A Classificação Internacional de Doenças da Organização Mundial de Saúde define pedofilia como uma "preferência sexual por crianças, quer se trate de meninos, meninas ou de crianças de um ou do outro sexo, geralmente pré-púberes ou não" (CID 10, 2013)[v].
Assim, é estranho ao mundo jurídico o termo aqui debatido, pois “a pedofilia não está vinculada a uma definição legal, mas a uma definição clínica” (LANDINI, 2004, p.322). Ela flutua em uma linha tênue entre os institutos da Medicina Legal e da Psiquiatria, ora considerada como parafilia, ora como perversão.

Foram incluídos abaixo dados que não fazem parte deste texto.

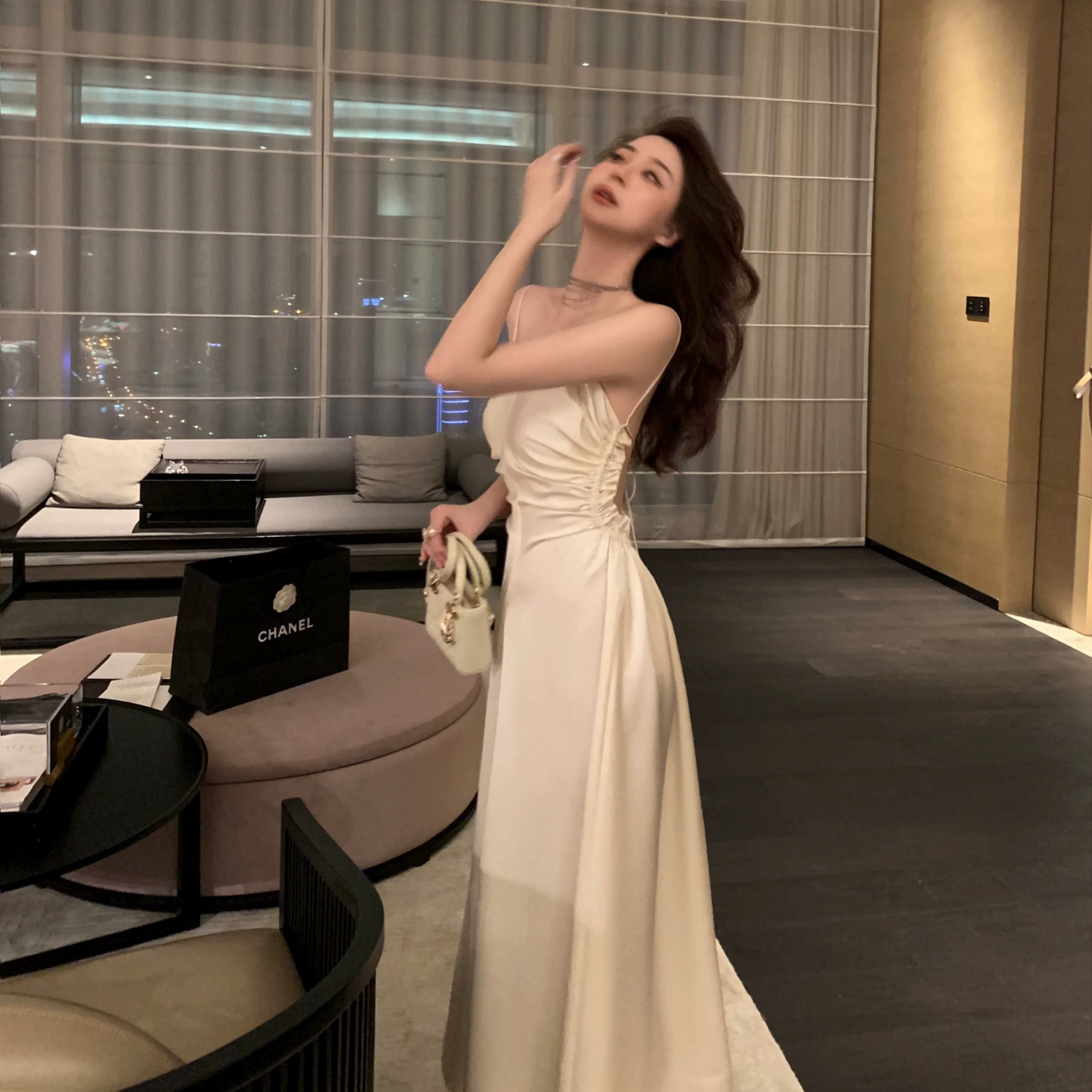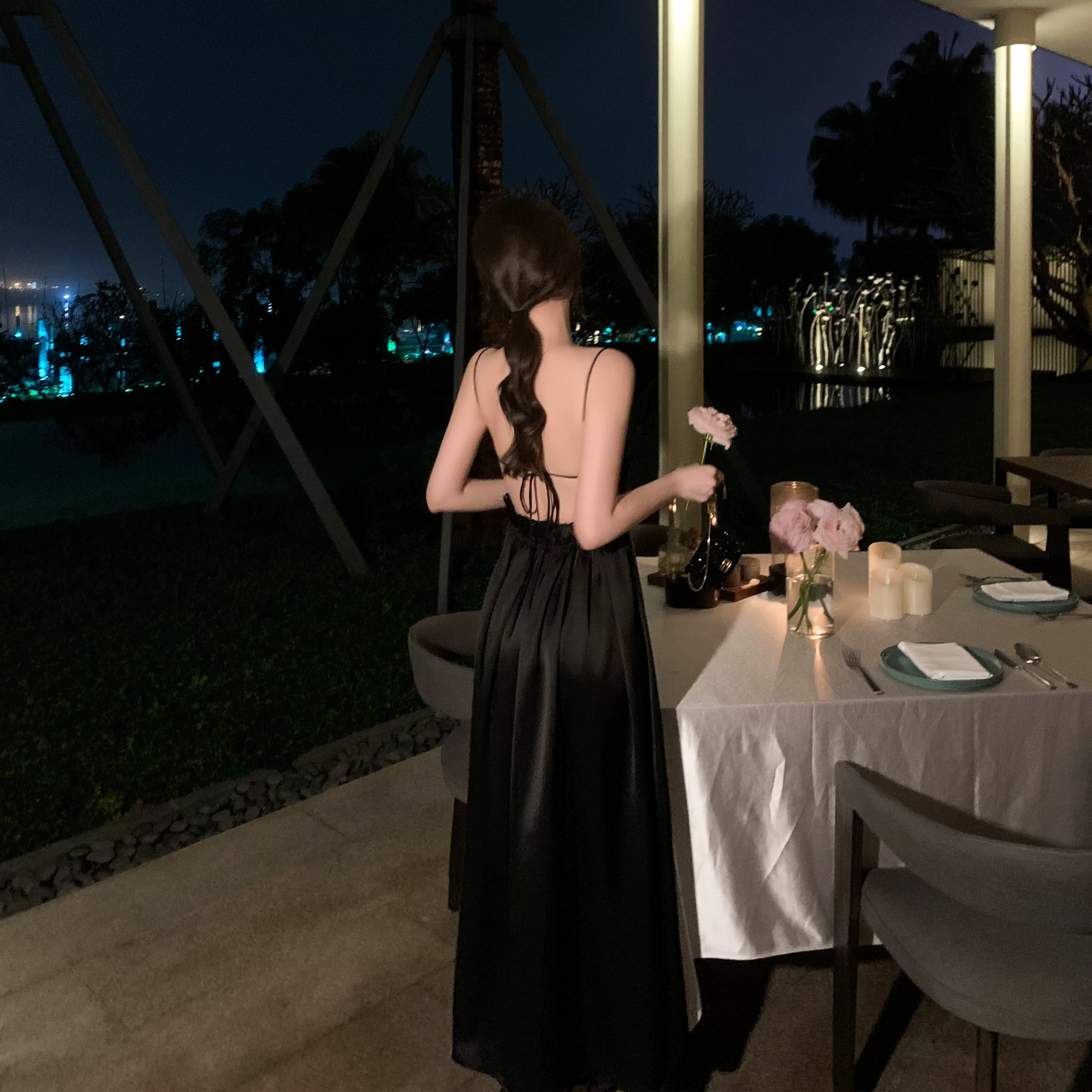 | nameOriginal | Tongse acetate satin sexy backless holiday sundress |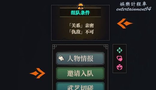 當我們點開一位角色的互動介面後,我們可以通過圖示來判斷該npc是否可以組隊,以及可以達成的關係,滑鼠挪到圖示上可以看到具體說明。

Então, pessoas diagnosticadas como pedófilas necessitam de tratamento e acompanhamento caso a caso. Muitas vezes, pessoas que usam da rede mundial de computadores para distribuição e venda de fotos e vídeos de crianças sendo abusadas sexualmente não são pedófilos. Ora, “Uma pessoa pode produzir, vender ou trocar pornografia infantil, até mesmo fazer sexo com uma criança em situação de prostituição nas ruas, sem que seja necessariamente um pedófilo” (LANDINI, 2004, 323).
É que a mídia, nos seus diversos formatos, fazem um estardalhaço com as informações que possuem, colocando doentes e aproveitadores em um mesmo balaio, não se preocupando em conceituar o pedófilo como doente, e sim como criminoso que tem que ser punido e não tratado. É interessante frisar que a pornografia infantil é perseguida pelos dispositivos do Estatuto da Criança e do Adolescente, tornando-se crime apenas com uma única conduta delitiva. Já a pedofilia necessita de uma reiteração das atitudes (CASTRO; BULAWISKI, 2011).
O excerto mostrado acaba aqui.